VATICAN CITY — Pope Francis said Thursday that when it comes to caring for the elderly, palliative care is necessary because it counters a mentality of utility that often leaves elderly persons marginalized and alone.
“Abandonment is the most serious ‘illness’ of the elderly and also the greatest injustice they can suffer: Those who helped us to grow must not be abandoned when they need our help, our love and our tenderness,” the Pope said March 5.
With its emphasis on alleviating the suffering of the sick and accompanying them with tenderness for the duration of their illness, palliative care serves as a crucial support for the elderly, “who, for reasons of age, often receive less attention from curative medicine and are often abandoned.”
The Pope’s words came in an audience with members of the Pontifical Academy for Life, who are gathered in Rome March 5-6 for their annual assembly, which this year reflected on the theme: “Assisting the Elderly and Palliative Care.”
What palliative care offers as a unique and essential element in the medical field is the recognition of “the value of the person,” Francis said.
He noted that many elderly are either “left to die or made to die” due to their physical or social condition and stressed that all types of medicine have the societal responsibility to bear witness to the honor due not only to elderly persons but to each and every human being.
All medical knowledge, Francis said, “is truly science, in its most noble sense, only if it finds its place as a help in view of the good of man, a good that is never achieved by going ‘against’ his life and dignity.”
The Pope also emphasized that the criteria governing the actions of doctors must not be limited to medical evidence and efficiency, nor to the rules of heath-care systems and economic profit.
“A state cannot think of making a profit with medicine. On the contrary, there is no more important duty for a society than safeguarding the human person.”
Palliative care then, bears witness to the fact that the human person always has value, even when suffering from age and illness, the Pope continued.
The human person, he said, “is a good in and of himself and for others and is loved by God. For this reason, when life becomes very fragile and the end of earthly existence approaches, we feel the responsibility to assist and accompany the person in the best way.”

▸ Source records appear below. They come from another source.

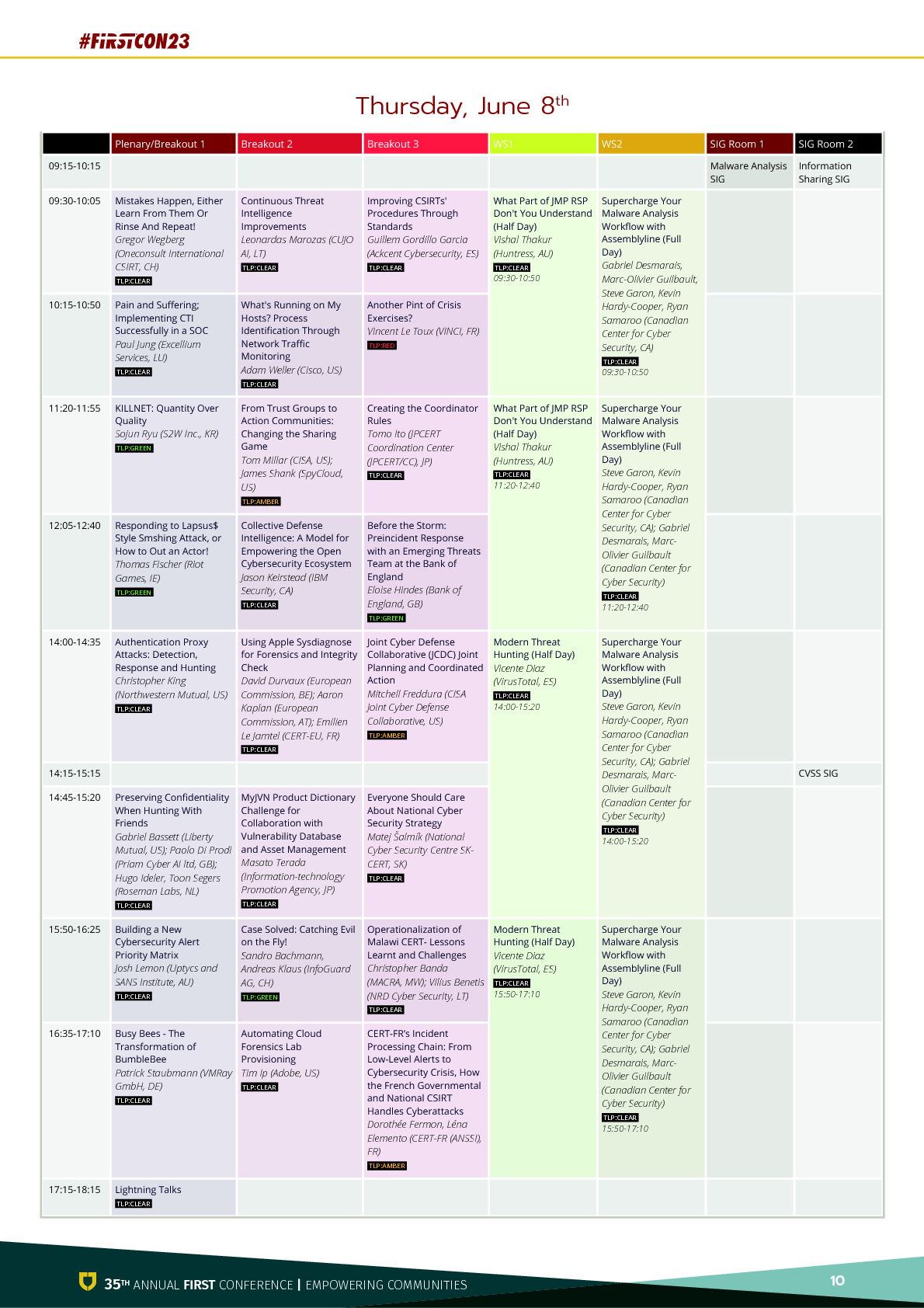 FIRST 커뮤니티의 황금 관문인 FIRST 연례 컨퍼런스에 오신 것을 환영하며, 그리고 내년에 일본 후쿠오카에서 열리는 제36회 FIRST 연례 컨퍼런스에서 다시 뵙기를 바랍니다.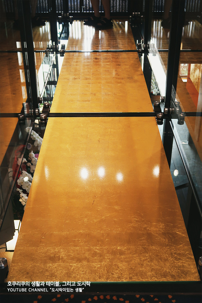 그 창가를 마주보는곳을 직원분이 잠시 안내해주셨는데요. 바닥이 금으로된 투명한 다리였어요. 바닥이라고 하는것이 맞는 것 같습니다. 중앙에 깔린 양탄자처럼 보이는 전부다 금이였어요. 그리고 사이드로 내려다보이는 아래층의 현황. 조금 아찔했지만 금 위를 걷고있다는 기분으로 즐겨보라는 직원분의 말에 그냥 지나치려던 공간을 왕복은 해본 것 같습니다.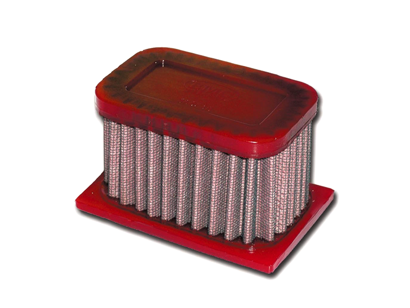 Filtro de potencia Bmc FM363/10 (Versión standard con menos entrada de aire). El filtro de aire Bmc Filter FM363/10 posee un diseño específico y está diseñado para colocar en sustitución al filtro de aire original. El filtro de potencia Bmc FM363/10 de alto rendimiento cuenta con la misma forma que el filtro standard, pero con una base de filtrado mayor. Este filtro reutilizable se caracteriza por su diseño que mejora notablemente la capacidad de aspiración de la toma de aire en comparación con los filtros tradicionales, mejorando también la calidad de la combustión. El filtro de potencia Bmc FM363/10 consta de una gasa de algodón de múltiples capas impregnada con aceite de baja viscosidad y recubierta con una malla de aluminio tratado con resina epoxy que garantiza la protección contra los humos del combustible y la oxidación debida a la humedad del aire. Las impurezas se filtran gracias al efecto pantalla y de retención, siendo capturadas por las fibras de algodón y retenidas por el aceite. Este proceso no obstruye la entrada de aire y garantiza el rendimiento constante del filtro de aire a largo plazo. El proceso de filtrado es continuo y los cuerpos extraños quedan depositados en el tejido sin bloquear el flujo de aire. El filtros Bmc está realizado mediante un sistema de “moldeado completo” que permite al característico filtro rojo ser de una sola pieza, sin juntas soldadas, lo cual evita la rotura. La goma que se utiliza en los sistemas de filtrado de aire Bmc es muy resistente y duradera, y posee unas características de adherencia óptimas para adaptarse a todas las formas de las cajas de aire.
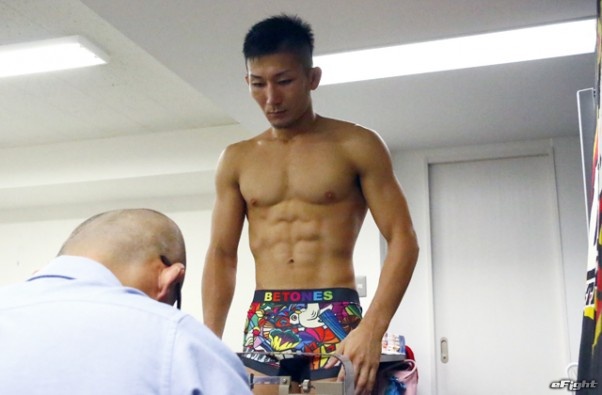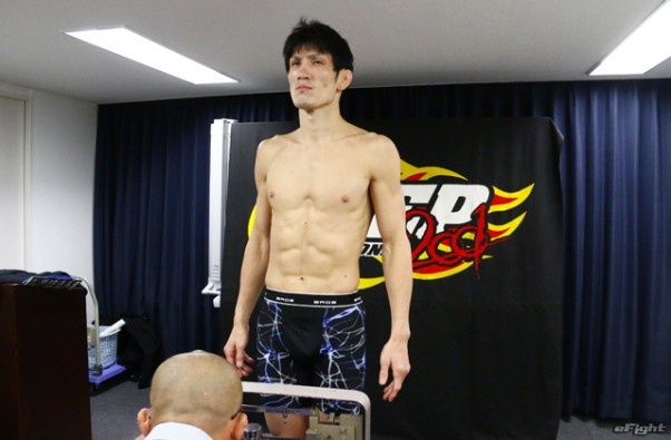 真剣な面持ちで計量に臨んだDJ。昨年末RIZIN以来、約10ヶ月ぶりの試合に臨む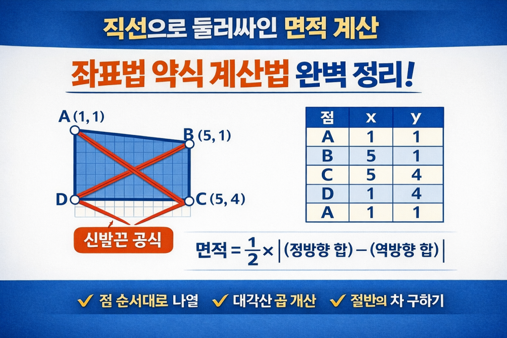 좌표법좌표법 약식 계산법,좌표면적 계산,면적 계산 공식,신발끈 공식,직선 면적 계산,다각형 면적 계산,측량 면적 계산,토지 면적 계산,건설 실무 계산,좌표 계산법,평면좌표계,측량기사,건설기술사,감정평가사,토지보상,도면 면적 산출,CAD 면적 계산,엑셀 면적 계산,수기 계산법,면적 산정 방법,경계 좌표 계산,좌표표 계산,측량 실무,건설 계산,토지 경계 면적,면적 산출 예제,수학 공식 정리,기술사 시험,계산 공식 정리,실무 계산법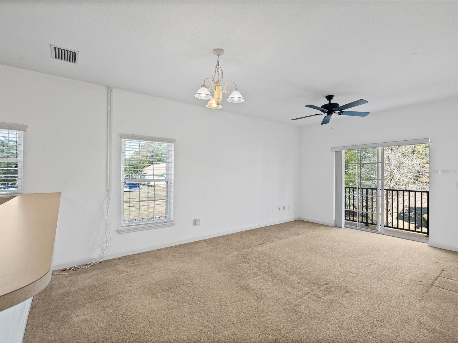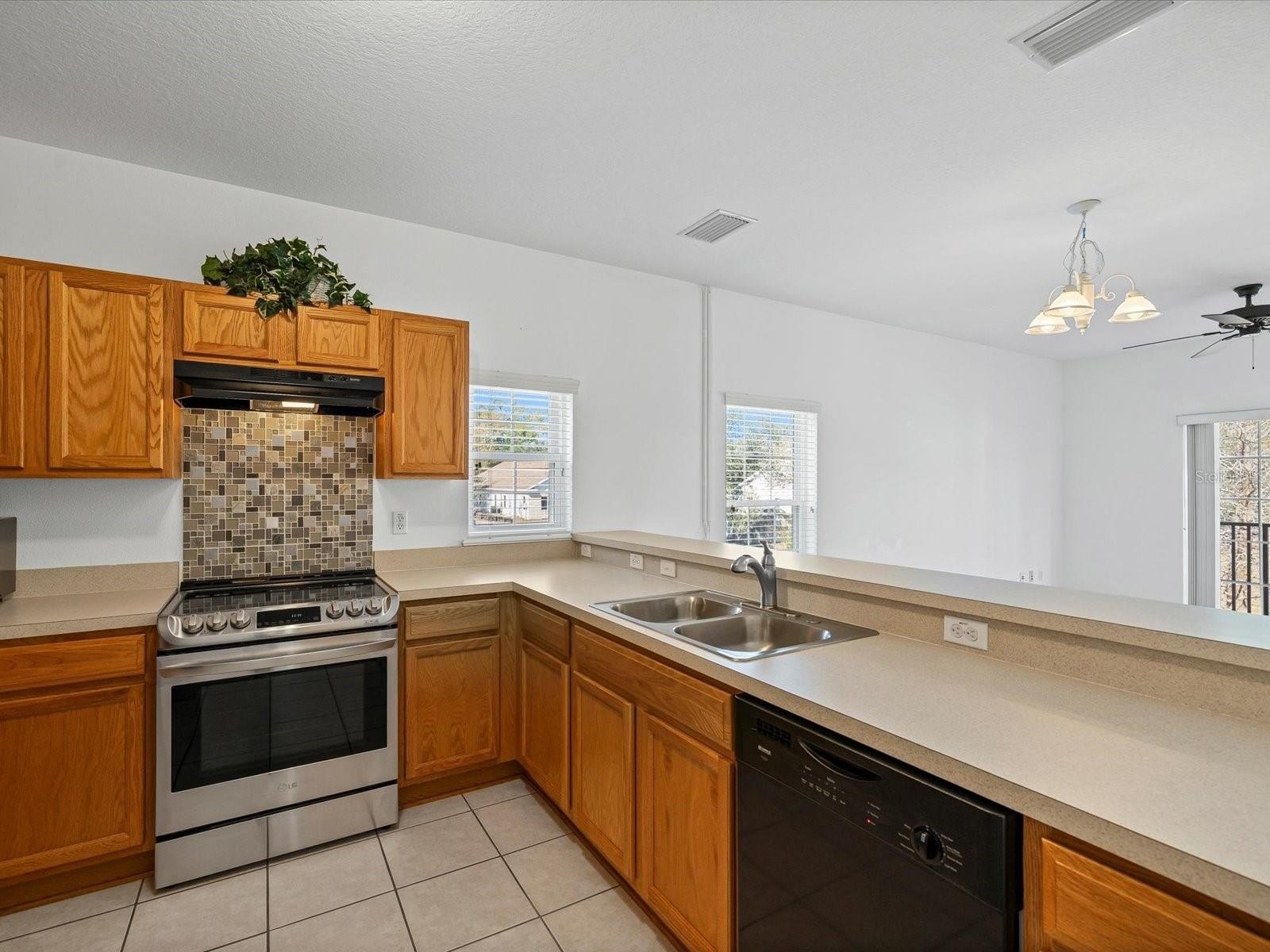 This corner unit home is light and bright with soft neutral walls and noticeably better natural light than interior units. The great room opens directly to a balcony, creating usable outdoor space right off the living area, perfect for entertaining. The kitchen includes stainless steel appliances and a large breakfast bar that works well for seating and everyday meals. Windows are double-pane, double-hung, contributing to comfort and efficiency.
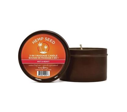 Earthly Body 2021 Summer 3 in 1 massage candle collection. The 100 % natural blend of hemp seed and cosmetic-grade oils absorb to soften and condition your skin. 100% Vegan. No animal testing. Paraben free. Gluten Free. 6 ounce round tin. Hot and Heavy – Smells like Yuzu, lavender, white cedar.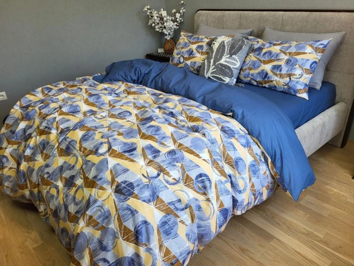 Постільна білизна з резинкою Оазис синій, ранфорс Сімейний розмір, наволочки 50/70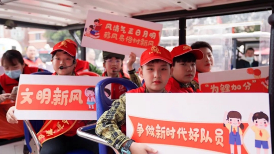 “快板表演內(nèi)容是由老師和孩子們自編自創(chuàng)的,通過歡快的表演,向廣大群眾宣傳移風易俗,寓教于樂,有助于提高群眾的參與度和接受度?!滨幊菂^(qū)委文明辦相關負責人介紹,活動采取“巡回+定點”的方式,由巡游車輛在古城內(nèi)巡回宣傳,并在人流密集場所設置宣傳點,引導群眾摒棄陳規(guī)陋習,樹立文明新風尚。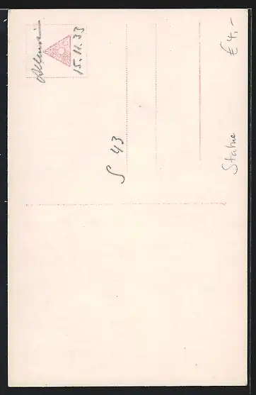 Personenbezogene Daten auf der Rückseite der Karte wurden durch blauen Textmarker unkenntlich gemacht. Die blauen Stellen sind auf die Vorderseite durchgeweicht und wirken sich negativ auf das Postkartenfoto aus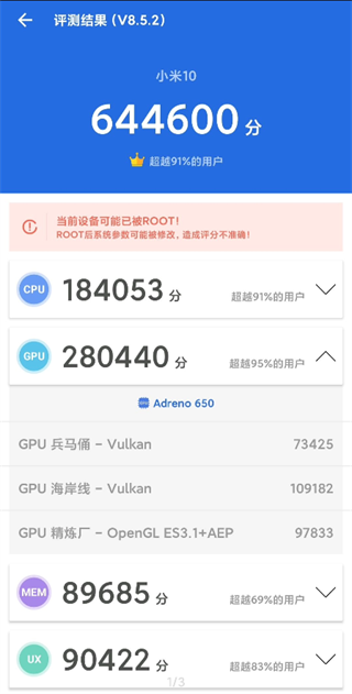 1、首先手机搭载的是骁龙865处理器,其次需要ROOT(小米手机可以)。使用软件前,先用安兔兔跑个分,然后使用时再测试一下,就能看出差距了,例如下面这台搭载865的小米10正常大概在57万分左右,和888差距在14万分。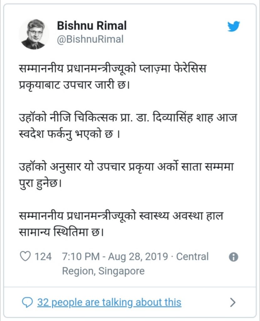 सामाजिक सञ्जाल ट्विटरमा ट्विट मार्फत रिमालले प्रधानमन्त्रीको उपचार प्रक्रिया पूरा हुन एक साता लाग्ने जनाएका छन् ।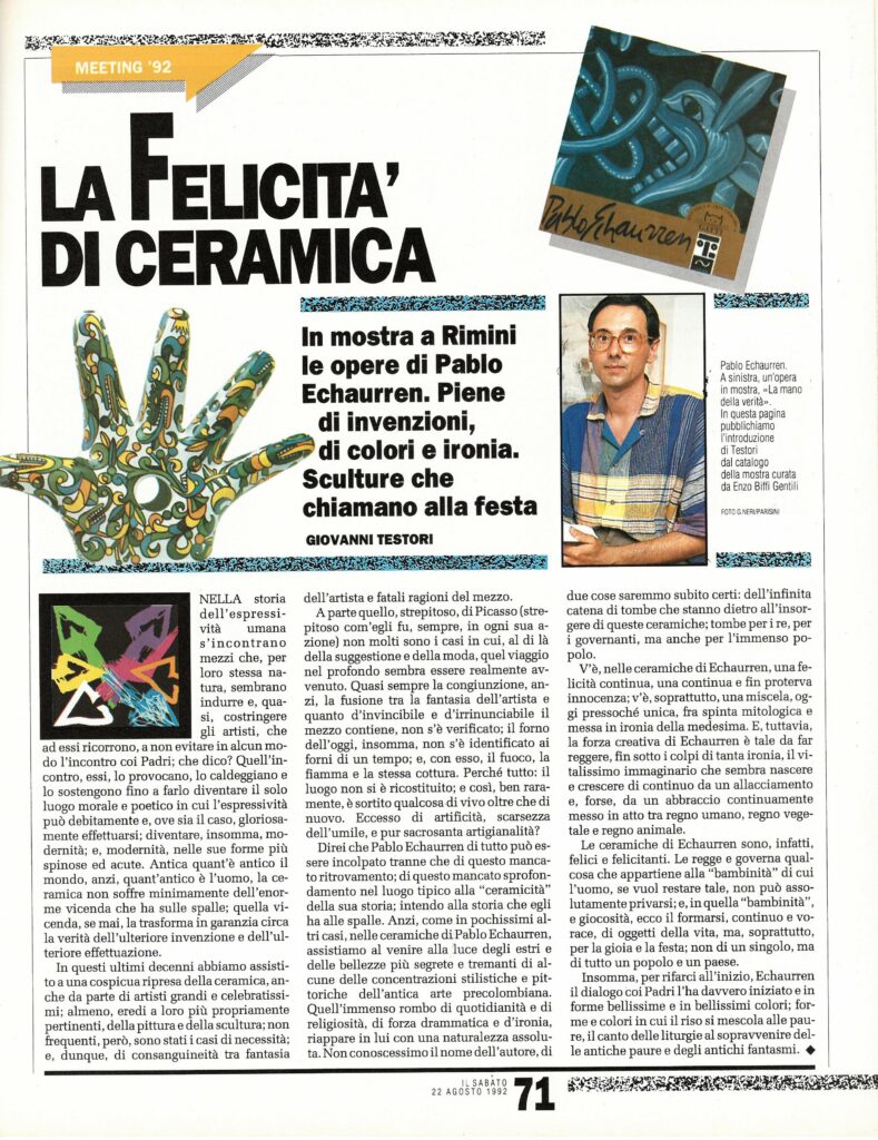 L’arcata che Mitoraj va stendendo sull’arte contemporanea, un’arcata che sembra assorbire e superare tutte le impervietà e, insieme, le facilità , sta dando solo in questi tempi la misura di dolente partecipazione al destino dell’uomo che, prima, una lettura troppo edonistica poteva, se non nascondere, certo limitare. Pel vero il senso d’una bellezza suprema, il bisogno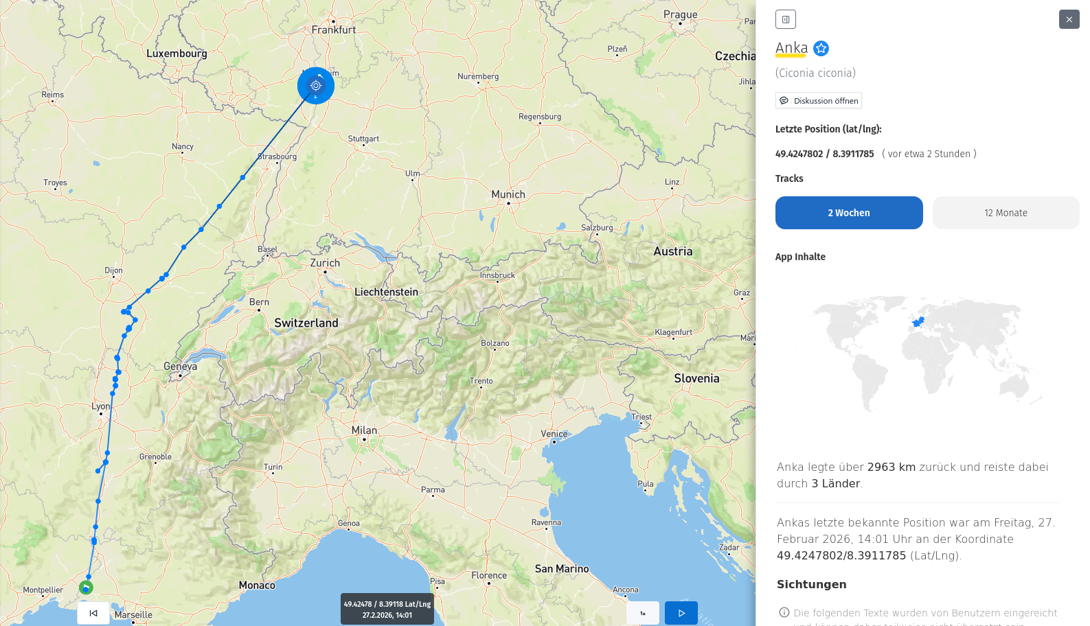 Sie ist richtig gut vorangekommen und bereits auf der Höhe von Heidelberg, etwas südlich von Mannheim. Bis 'nach Hause', also zum Nest in Seinstedt in Niedersachsen, sind es Luftlinie noch knapp 340 Kilometer. Wenn das Wetter günstig bleibt, könnte Anka also bereits morgen oder Sonntag am Ziel sein.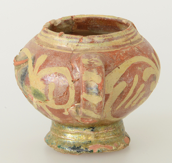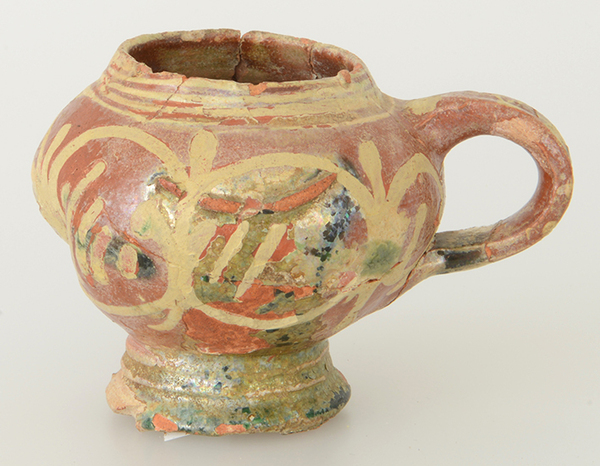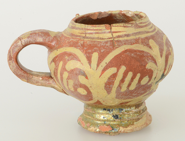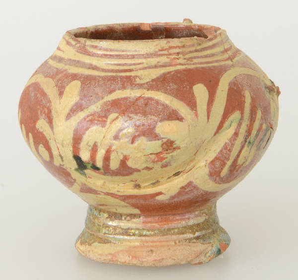 | 4b | bolle mosterdpot met vloeiende overgang naar korte, opstaande rand, met oor en standvoet |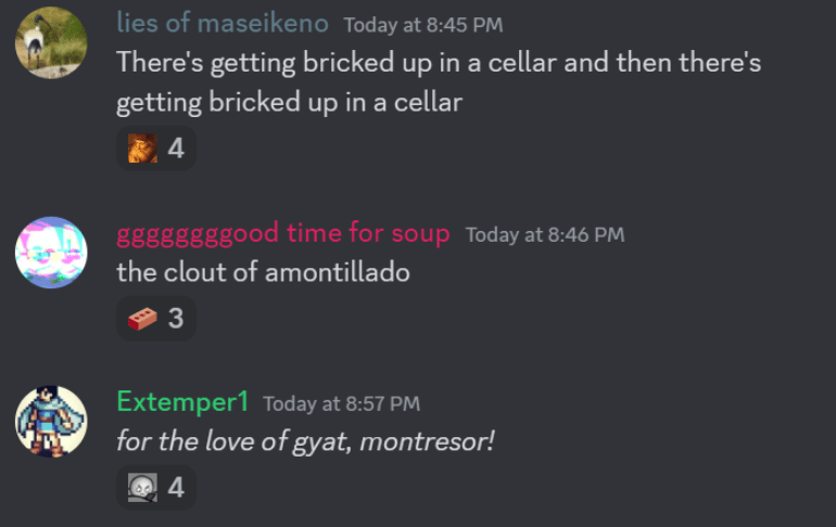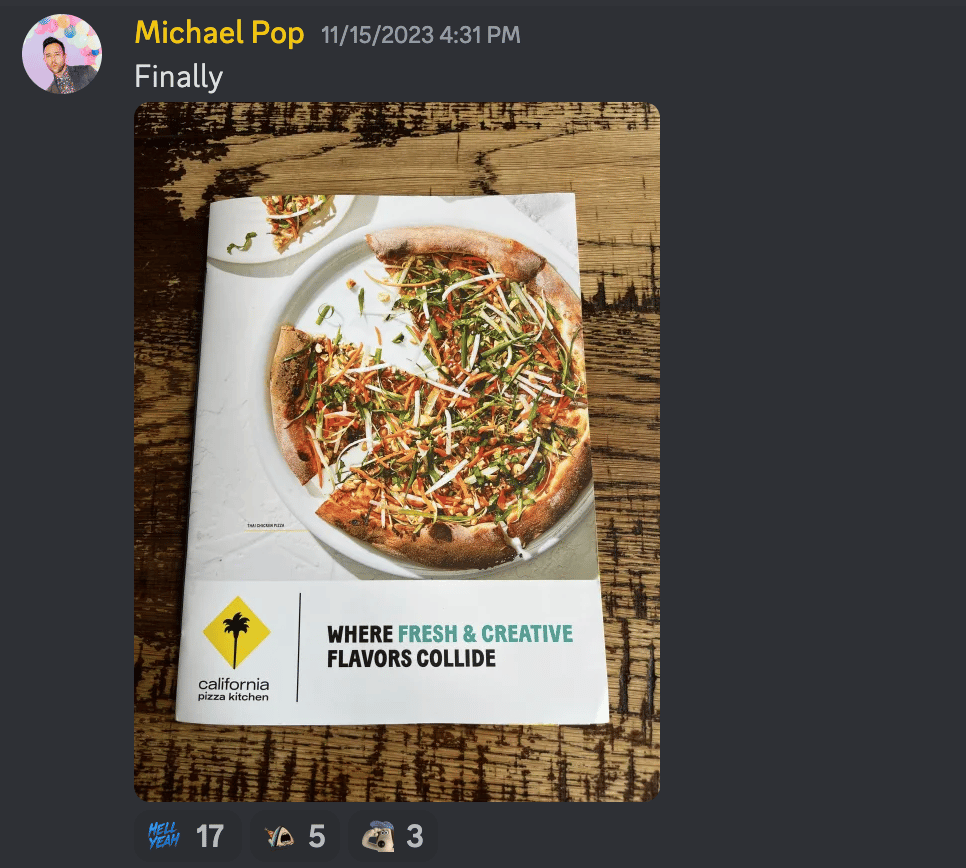 This one is a bit tricky to explain, but, essentially, a user in the Discord named Michael was pestered for months to go to California Pizza Kitchen. Last month, he finally went. Except he didn’t actually get pizza. He got tortilla soup and jambalaya, apparently. Either way, it was a big moment on the server this year and, I realize while writing this, completely indecipherable to outsiders. Welcome to the new internet! As user cissy wrote, “I'm worried about the lesson we've all learned about how internet bullying is good actually.”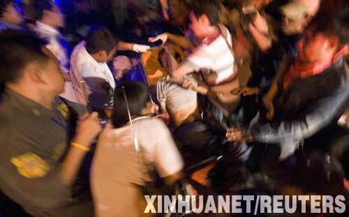 9月2日,在泰國首都曼谷,一名反政府示威者受傷后接受臨時治療。數千名支持政府和反政府示威者2日凌晨在首都曼谷發生大規模激烈沖突。泰國總理沙馬當日宣布曼谷地區進入緊急狀態。 新華社/路透 |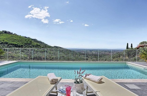 Villa Biancavite is an elegant two-story villa situated in a quiet location, a few minutes from the town center. It sleeps 12 people. From Villa Biancavite you will enjoy a charming view of the valley, of Montecatini Alto and of Montecatini Terme. Villa Biancavite is 380 square meters (4100 square feet). It features a private swimming pool, a small private terrace, a private patio, a private garden, air conditioning (please read description below to check in which rooms the units are installed), winter heating and WI-FI Internet access.

Francis then praised the efforts made on the part of those who work in the field of palliative care and encouraged both professionals and students to specialize in the topic.
Although this type of care is not geared toward saving lives, it centers on the equally important recognition of the value of the human person, he said, and encouraged those working in the field to carry out their tasks with an attitude of service.
“It is this capacity for service to the life and dignity of the sick, even when they are old, that is the measure of the true progress of medicine and of all society,” the Pope observed, and he repeated an appeal made by St. John Paul II: “Respect, protect, love and serve life, every human life.”
However, while palliative care is necessary, it does not remove the need for the family in caring for the elderly, Francis added.
“The elderly, first of all, need the care of family members — whose affection cannot be replaced by the most efficient structures or the most competent and charitable health-care workers,” he said.
When family members are not able to offer the needed care or if the illness of their elderly loved one is advanced or terminal, then the “truly human” assistance offered by palliative care is a good option, so long as it “supplements and supports” the care already provided by family members, he said.
Pope Francis closed his speech by encouraging those present to continue advancing in their studies and research, so that “the work of the promotion and defense of life might be ever more efficacious and fruitful.”